Outside combat, too, the use of facial recognition AI in the Ukrainian war carries significant risks. When facial recognition is used in the EU for border control and migration purposes – and it is, widely – it is public authorities that are collecting the sensitive biomarker data essential to facial recognition, the data subject knows that it is happening and EU law strictly regulates the process. Clearview, by contrast, has already repeatedly fallen foul of the EU’s GDPR (General Data Protection Regulation) and has been heavily sanctioned by data security agencies in Italy and France.
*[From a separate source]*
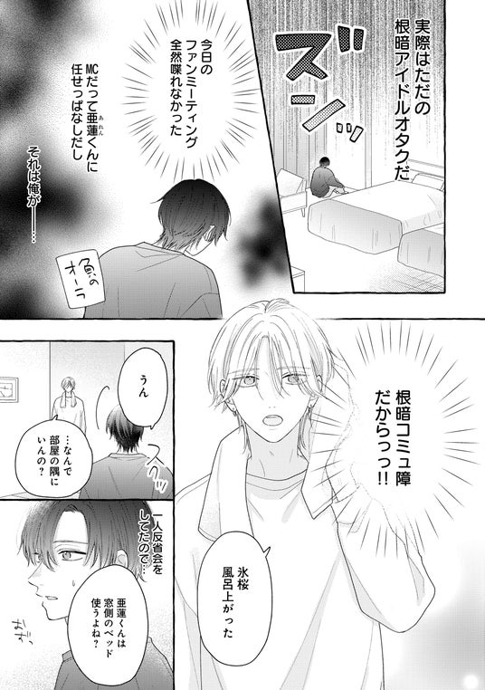 憧れを胸に秘めて活動を続けていたある日、氷桜はメンバーの亜蓮(あれん)とホテルが同室でありながら、風呂場でこっそり自慰をしてしまう。

If privately owned facial recognition technologies are used to identify Ukrainian citizens within the EU, or in border zones, to offer them some form of protective status, a grey area would be established between military and civilian use within the EU itself. Any such facial recognition system would have to be used on civilian populations within the EU. A company like Clearview could promise to keep its civil and military databases separate, but this would need further regulation – and even then would pose the question as to how a single company can be entrusted with civil data which it can easily repurpose for military use. That is in fact what Clearview is already offering the Ukrainian government: it is building its military frontline recognition operation on civil data harvested from Russian social media records.

Then there is the question of state power. Once out of the box, facial recognition may prove simply too tempting for European security agencies to put back. This has already been reported in the US where the members of the New York Police Department are reported to have used Clearview’s tool to circumvent data protection and privacy rules within the department and to have installed Clearview’s app on private devices in violation of NYPD policy.

This is a particular risk with relation to the roll-out and testing in Ukraine. If Ukrainian accession to the European Union is fast-tracked, as many are arguing it should be, it will carry into the EU the use of Clearview’s AI as an established practice for military and potentially civilian use, both initially conceived without malice or intention of misuse, but setting what we think is a worrying precedent.

The Russian invasion of Ukraine is extraordinary in its magnitude and brutality. But throwing caution to the wind is not a legitimate doctrine for the laws of war or the rules of engagement; this is particularly so when it comes to potent new technology. The defence of Ukraine may well involve tools and methods that, if normalised, will ultimately undermine the peace and security of European citizens at home and on future fronts. EU politicians should be wary of this. The EU must use whatever tools are at its disposal to bring an end to the conflict in Ukraine and to Russian aggression, but it must do so ensuring the rule of law and the protection of citizens.

openDemocracy asked Clearview to comment on specific questions raised in the article, but it has not done so.